|
Post by `gossamer. on Mar 25, 2009 20:23:15 GMT -5
I didn't quite know how I'd gotten there, only that it was different from what I knew. Much different. The only familiar piece of this new place were the constellations, spinning above me in the night sky. They were tiny pinpoints of light, which I could see only through the leaves that encompassed me. That was all I saw - trees. Everywhere. Surrounding me, from top to bottom, giving way only to the dirt.
› A LITTLE KNOWN FACT ‹ War heroes can be claustrophobic too.
What's this you hear? A war hero? Yes, a war hero. Bask in my glory! I, Reykjavik, am a héros de guerre. It sounds fancy, doesn't it? It is. That's where I got my wonderfully shattered horn from; a medal for my courage you could say. The only bad thing associated with such an honor is the blood. Ugh, the blood. I hate it. I hated it in the war, I hate it even more nowadays. In the war at least you didn't have to look at it, but now it follows me, an everlasting stain on my beautiful coat. It is beautiful, isn't it? You needn't be jealous. Your coat is pretty. Not as pretty, but standable.
Anyway, back to the story. It was very boring, wandering about in the forest. By that time I'd suspected that I'd wandered into a different sort of place, possibly even a different kingdom. I sincerely hoped not, because if I was in a different kingdom, none of the denizens would know who I was. That would have been a shame, because being a war hero, I could've probably taken down their king in an instant. I'm very good in battle, you know. Some of those war heroes out there have no idea, what they did was purely by accident. All the things I've done were on purpose, and let me tell you, I'd done many a thing.

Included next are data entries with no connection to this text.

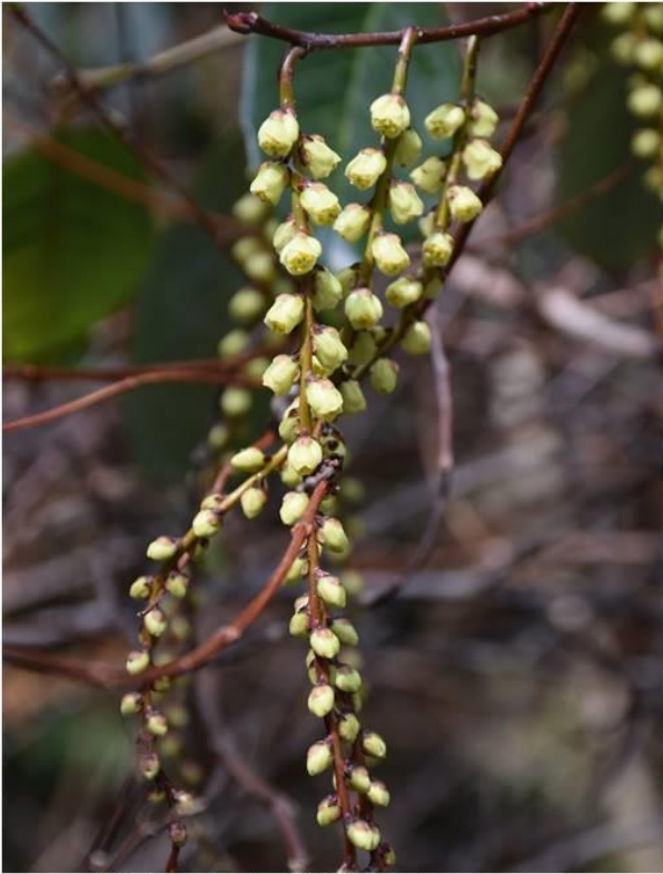
写真3左 キブシ (中水池下) R2.3.14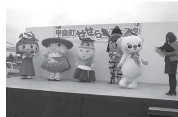
左から多賀・豊郷・愛荘・甲良のキャラクター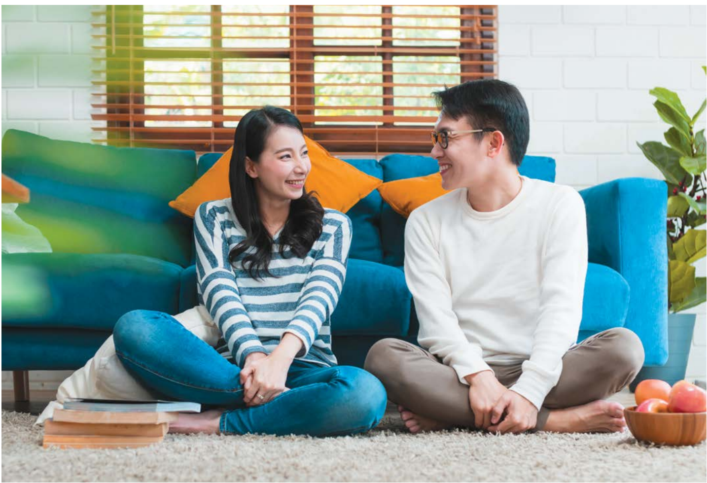
Vợ chồng hiểu nhau, khi xúc động nên lui một bước, bình tĩnh rồi lại giao tiếp thì tình cảm mới có thể bền lâu.

Hại vị giáo sư này cho biết, “Khi chúng tôi làm việc với những cặp đôi đang tranh cãi và không đạt được tiến triển nào, chúng tôi thường khuyên họ ngừng tranh cãi và lập một kế hoạch để có thể giao tiếp tốt và có hiệu quả. Mỗi người hãy viết ra những vấn đề hoặc hành vi của đối phương (hoặc bản thân mối quan hệ)

› WHY I'M A WAR HERO ‹ I threw down the leader of my enemy. I saved the daughter of my king twice, and his son once. I personally killed the assassin who was sent to murder the king.
So, as you can see, I'm not one to be triffled with. But despite my impressive record, you must realize that I'm really quite amiable. I'm not some sort of killing machine. As you already know, I dislike blood. Disgusting stuff, really.
Sorry. I tend to get sidetracked. Back to the story.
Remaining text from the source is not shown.